无效循环在细菌生长能量代谢中的作用。

The role of futile cycles in the energetics of bacterial growth.

作者信息

Neijssel O M, Buurman E T, Teixeira de Mattos M J

机构信息

Department of Microbiology, University of Amsterdam, The Netherlands.

出版信息

Biochim Biophys Acta. 1990 Jul 25;1018(2-3):252-5. doi: 10.1016/0005-2728(90)90260-b.

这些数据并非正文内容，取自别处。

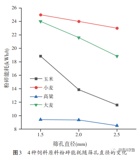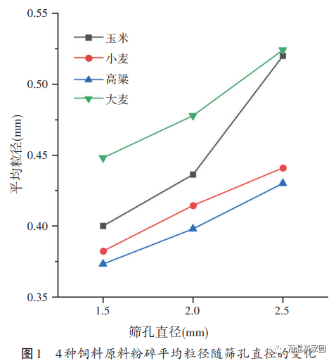 3 結(jié)論 玉米、小麥、大麥、高粱4種主要飼料原料的粉碎樣品平均粒徑均受粉碎機(jī)篩孔直徑顯著影響(P

DOI:10.1016/0005-2728(90)90260-b

PMID:2144189

Abstract

In this contribution we describe the occurrence of futile cycles in growing bacteria. These cycles are thought to be active when organisms contain two uptake systems for a particular nutrient (one with a high, the other with a low affinity for its substrate). The high-affinity system is responsible for uptake of the nutrient, some of which is subsequently lost to the medium again via leakage through the low-affinity-system. A special futile cycle is caused under some growth conditions by the extremely rapid diffusion of ammonia through bacterial membranes. When the ammonium ion is taken up via active transport, the couple NH3/NH4+ will act as an uncoupler. This is aggravated by the chemical similarity of the potassium and the ammonium ion, which leads to ammonium ion transport via the Kdp potassium transport system when the potassium concentration in the medium is low. Other examples of futile cycles, such as those caused by the production of fatty acids by fermentation, are briefly discussed.

摘要

在本论文中，我们描述了生长中的细菌中无效循环的发生情况。当生物体含有针对特定营养物质的两种摄取系统（一种对其底物具有高亲和力，另一种具有低亲和力）时，这些循环被认为是活跃的。高亲和力系统负责营养物质的摄取，其中一些随后会通过低亲和力系统渗漏回培养基中。在某些生长条件下，氨通过细菌膜的极快速扩散会导致一种特殊的无效循环。当铵离子通过主动运输被摄取时，NH3/NH4+ 对会起到解偶联剂的作用。钾离子和铵离子的化学相似性加剧了这种情况，当培养基中的钾浓度较低时，会导致铵离子通过Kdp钾转运系统进行运输。本文还简要讨论了其他无效循环的例子，例如发酵产生脂肪酸所导致的无效循环。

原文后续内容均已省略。